Итак, я стоял там, скучно озирая мирный, свободный город. Да, несомненно: и мир, и свобода здесь присутствовали (столица находилась в блокаде, а на северо-востоке ее, в русской зоне, мира было маловато, а свободы и вовсе не было, зато ходили слухи о массовых захоронениях площадью в гектар). Что еще? Много лет спустя я прочитал первое донесение направленного в Берлин американского журналиста, состоявшее из семи слов: «Ничего отдающего здравым рассудком сообщить не могу». Шел тогда 1918 год.
В январе 1933-го, когда НСДАП наложила лапы на ключи от Канцелярии, незначительное большинство немцев не просто испытывало ужас, оно ощущало напор похожей на сон дурманящей нереальности: ты выходишь из дома, надеясь увидеть что-то знакомое, но о знакомом тебе напоминают лишь фотография или киножурнал, а весь остальной мир ощущается как абстракция, эрзац, мнимость.
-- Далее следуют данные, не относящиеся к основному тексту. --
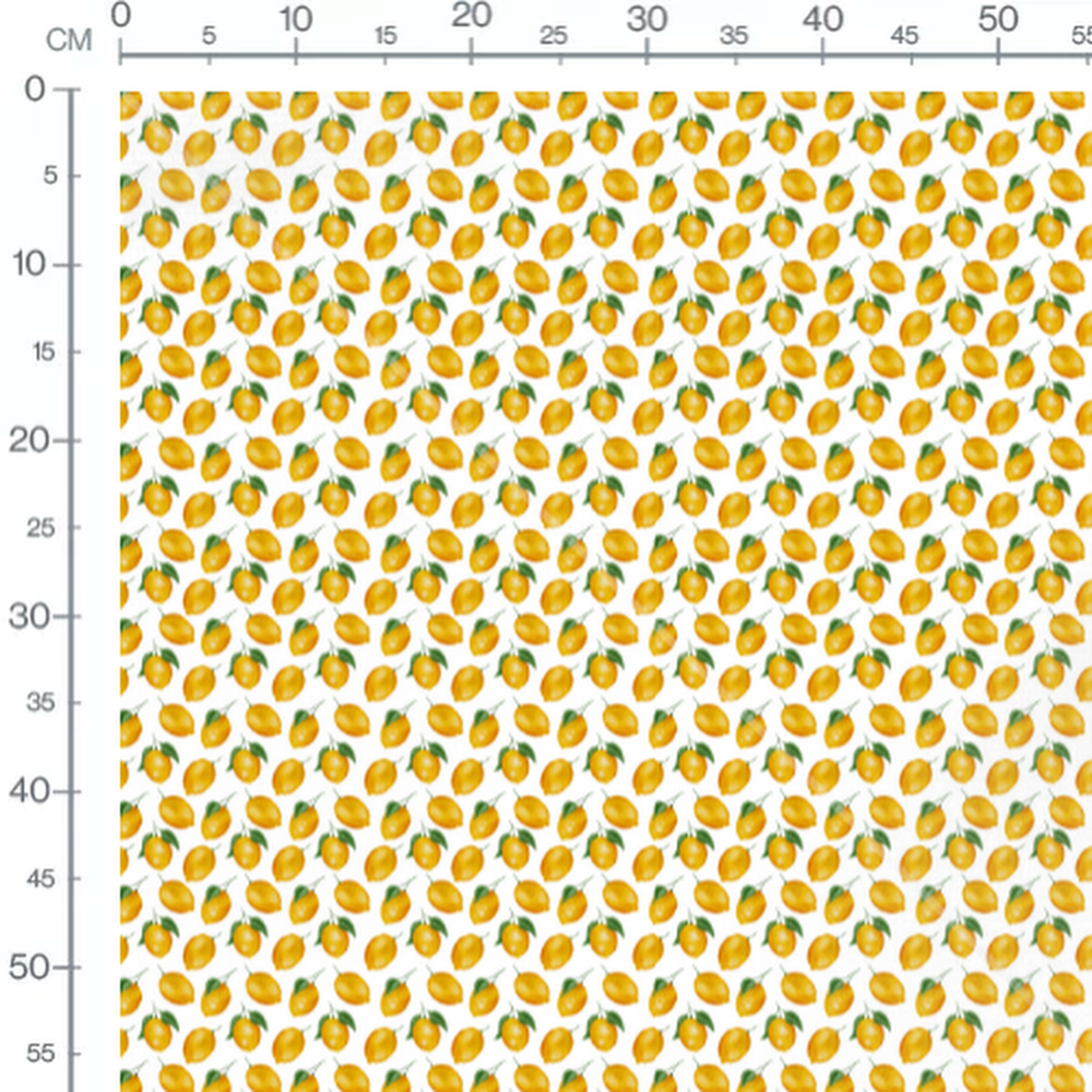 Les citrons sont représentés avec des nuances de jaune vif et des feuilles vertes. Le fond blanc met en valeur les couleurs éclatantes des fruits. Les citrons sont disposés de manière régulière, créant un motif harmonieux.Les tissus

Быть может, именно это я различил в тот день в Розенхайме. Начало немецкого компромисса со здравым рассудком. Жанр остался только один – социалистический реализм. Ни волшебных сказок, ни готических повестей, ни эпопей о мечах и чародеях, ни дешевых приключенческих романчиков. И никаких любовных романов (с чем я уже начал свыкаться). Реализм – и ничего иного.
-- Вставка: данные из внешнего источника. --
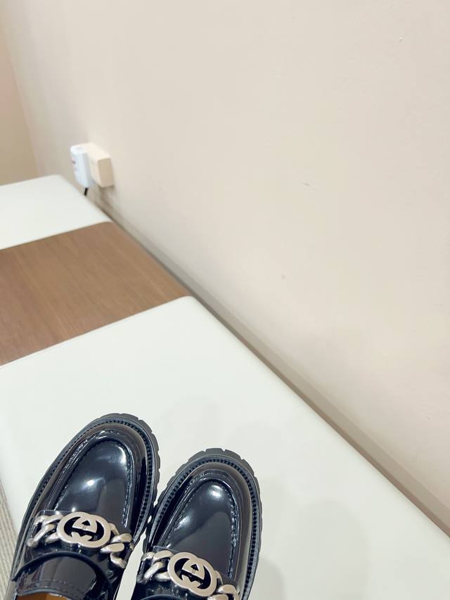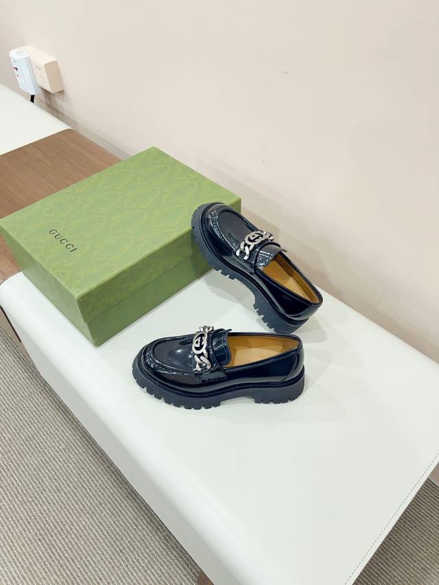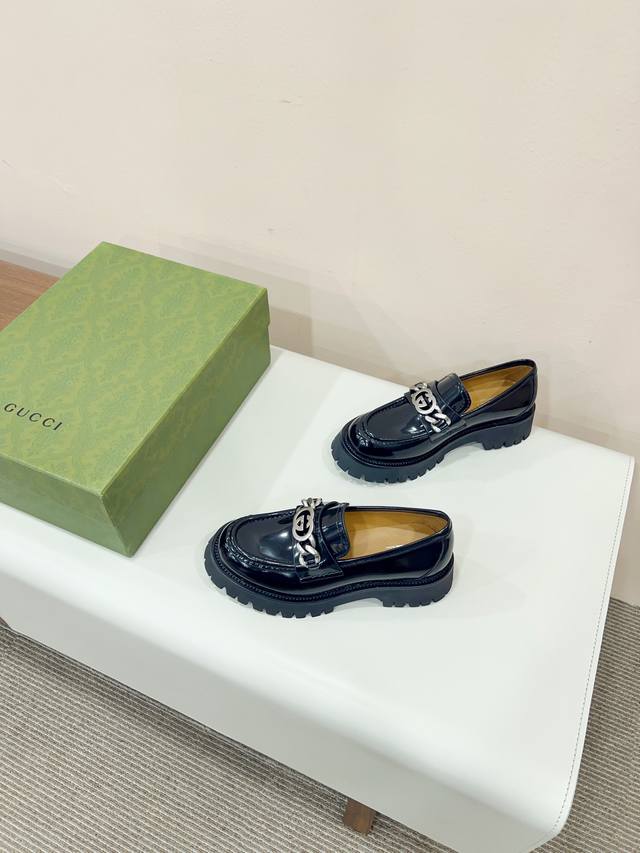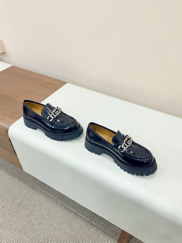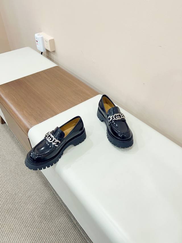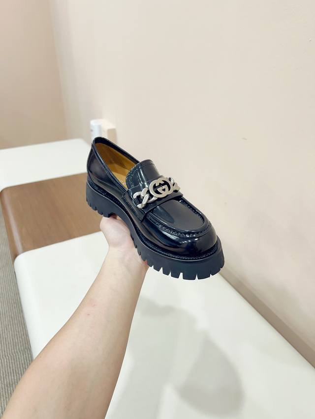 Gucc*'s latest hot Fw silver buckle thick-soled loafers

А отсюда неизбежно и упрямо следуют определенные вопросы.
«В верхах? – сказал тогда в Тиргартене Конрад Петерс – утонченный Петерс, который умер в Дахау покрытый нечистотами. – В верхах проводится доведенная до окончательной деградации бисмарковская реалистическая политика. В сочетании с галлюцинаторным антисемитизмом и всемирно-историческим тяготением к ненависти. Ах, но настоящая загадка – то, что происходит в низах. Там распространяется заурядная клевета на евреев, которой, впрочем, отнюдь не малая часть немцев не верит. Люди просто шагают, куда их ведут, как бараны на бойню. А там надевают резиновые передники и принимаются за работу».
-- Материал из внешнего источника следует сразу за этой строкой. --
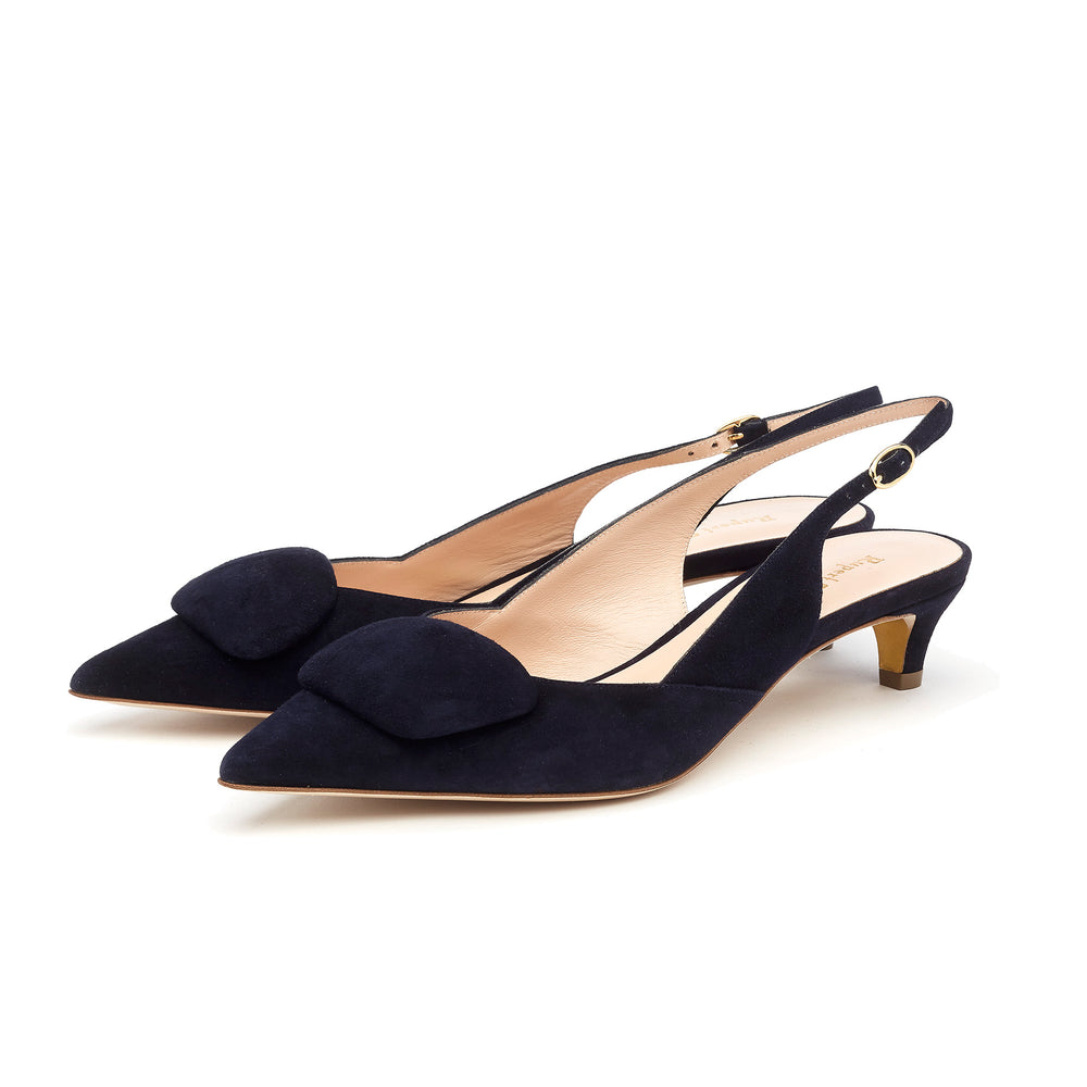 Our classic Misty slingback exudes understated elegance in Notte suede this season. The 30mm micro kitten heel complements a pointed toe, crowned with our tone-on-tone covered pebble. Pair it effortlessly with any outfit for a stylish yet timeless look.

Да, думал я, как же могла «дремотная земля поэтов и мечтателей», самая высокообразованная нация, какую знал мир, как могла она согласиться навлечь на себя столь дикий, столь фантастический позор? Что заставило ее народ, мужчин и женщин, позволить изнасиловать их души – позволить евнуху (Грофацу – Приапу-девственнику, Дионису-трезвеннику, тиранозавру-вегетарианцу)? Откуда взялась потребность в столь методичном, столь педантичном и столь скрупулезном исследовании скотского начала в человеке? Конечно, я этого не знал, как не знал и Конрад Петерс, и никто из тех, на кого я тогда смотрел, – семьи, хромающие ветераны, парочки влюбленных, компании очень молодых и очень пьяных американских солдат (так много крепкого, дешевого, упоительного «Ловенбрау»), сборщики пожертвований на какое-то «движение», одетые в черное вдовы, идущие куда-то гуськом бой-скауты, продавцы овощей, продавцы фруктов…
И тут я увидел их. Увидел далеко за людской толкотней – они уходили от меня, уменьшаясь, уходили от меня на дальнем краю площади. Их очертания – они сказали мне все. Мать и две дочери, все три в соломенных шляпках, с соломенными сумками в руках, в белых платьях с фестончатыми подолами.
Я побежал за ними, прорезая воскресную толпу.
* * *
– Вы уже слишком взрослые, – сказал я (пазухи моего носа горестно посипывали), – и слишком высокие для мороженого.
– Ничего подобного, – ответила Сибил, – я слишком старой для мороженого не буду никогда.
– Или слишком высокой, – согласилась Полетт. – Ох, ну пойдем, мам… мам! Ну пожалуйста. Пойдем.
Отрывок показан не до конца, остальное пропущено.